Nokia’s WPON technology offers a wireless gigabit drop to the home for broadband access networks. The Terragraph technology, which Facebook brings to the table, is a 60 GHz, multi-node wireless system, which offers low costs for high-speed wireless access. The two technologies working in combination will give broadband providers the chance to wirelessly deliver gigabit services over larger areas with high rates of reliability and meet a growing demand for ultra-broadband access.

The Finnish company, which for fourteen years was the world’s biggest handset maker, may have sold off the phone business it was known for in 2013, but it remains a big company (it had net sales of $26.1 billion in 2016) and has turned its attention towards the infrastructure that underpins the Internet.

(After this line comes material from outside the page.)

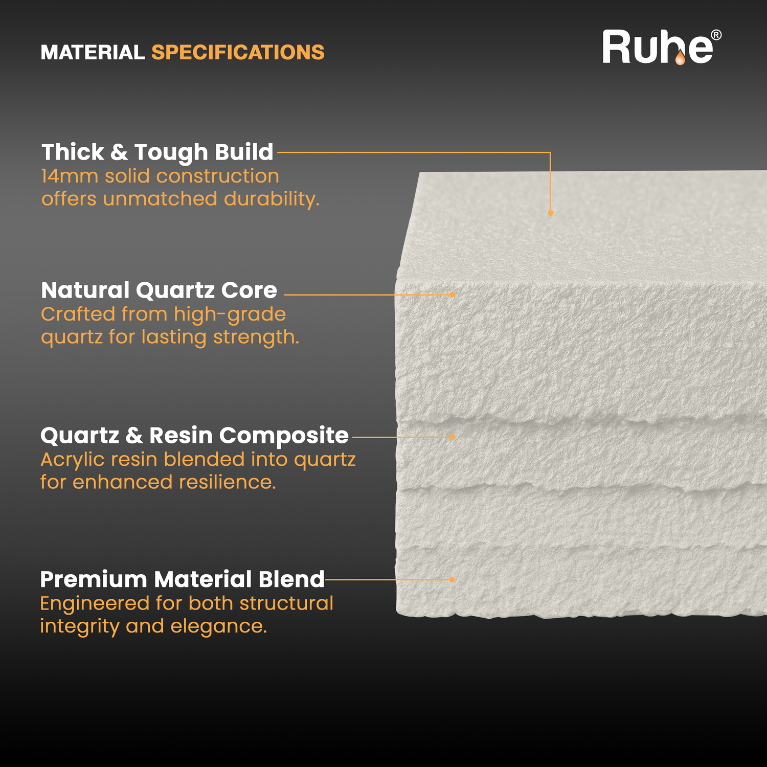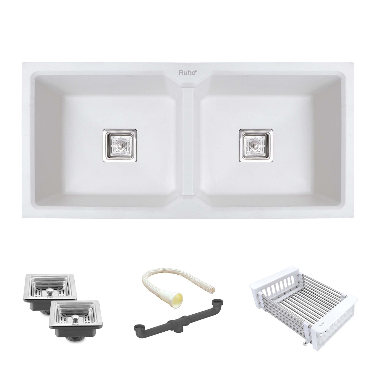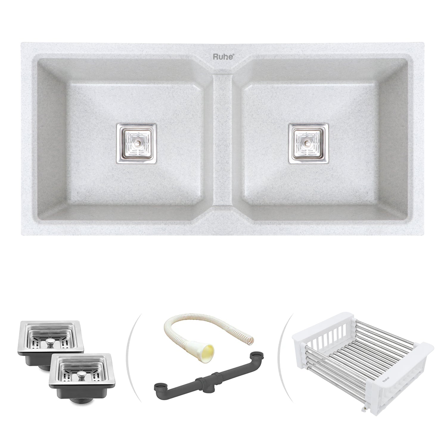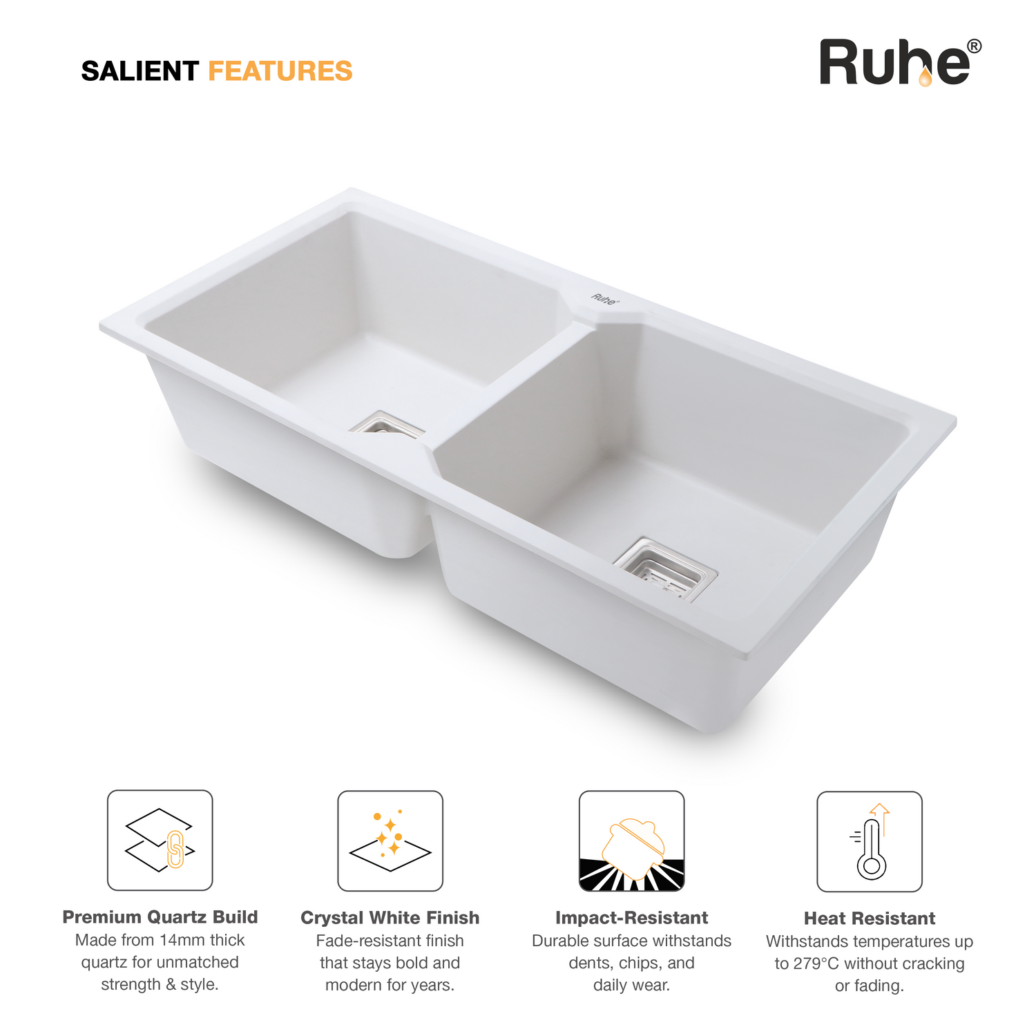 Crafted from 14mm thick quartz and resin, this sink combines a double-bowl design for efficient multitasking and a pristine Crystal White finish.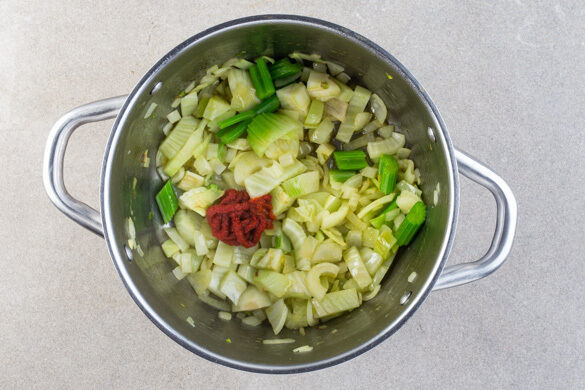Die 1/2 des Fenchels, die breiten Selleriestücke und die Zwiebeln in einem großen Topf mit 2EL Olivenöl bei mittlerer Hitze ca. 3Min. anbraten. Das Tomatenmark unterrühren und ca. 1Min. erhitzen.

Last year, Nokia launched its wireless PON (WPON) solution, further growing its fiber-to-the-most-economical-point toolkit. Wireless PON is centered on 802.11ad WiGig technology and offers a wireless drop for fiber-to-the-home networks. Access points are mounted on utility poles, street lights or building facades, and WPON helps Nokia deliver gigabit-per-second speeds to a self-installable WPON Home unit. By using WPON instead of bringing fiber into each home, broadband providers can save on up-front investment costs and deploy faster service much more quickly.

Facebook’s Terragraph was first announced in April 2016, as part of Facebook’s mission to connect the remaining four billion people on earth without the Internet. Terragraph is designed to increase bandwidth in cities. It deploys a mesh of WiGig transmitters, which can be attached to buildings and utility poles to make up a wide-area IPv6 network. At the client end, small cell and WiFi transceivers can be used to pick up the signal and connect to the WiGig network in order to route through the Internet. The reasoning is that making use of this kind of ad-hoc network should be significantly easier than deploying formal mobile telecoms coverage.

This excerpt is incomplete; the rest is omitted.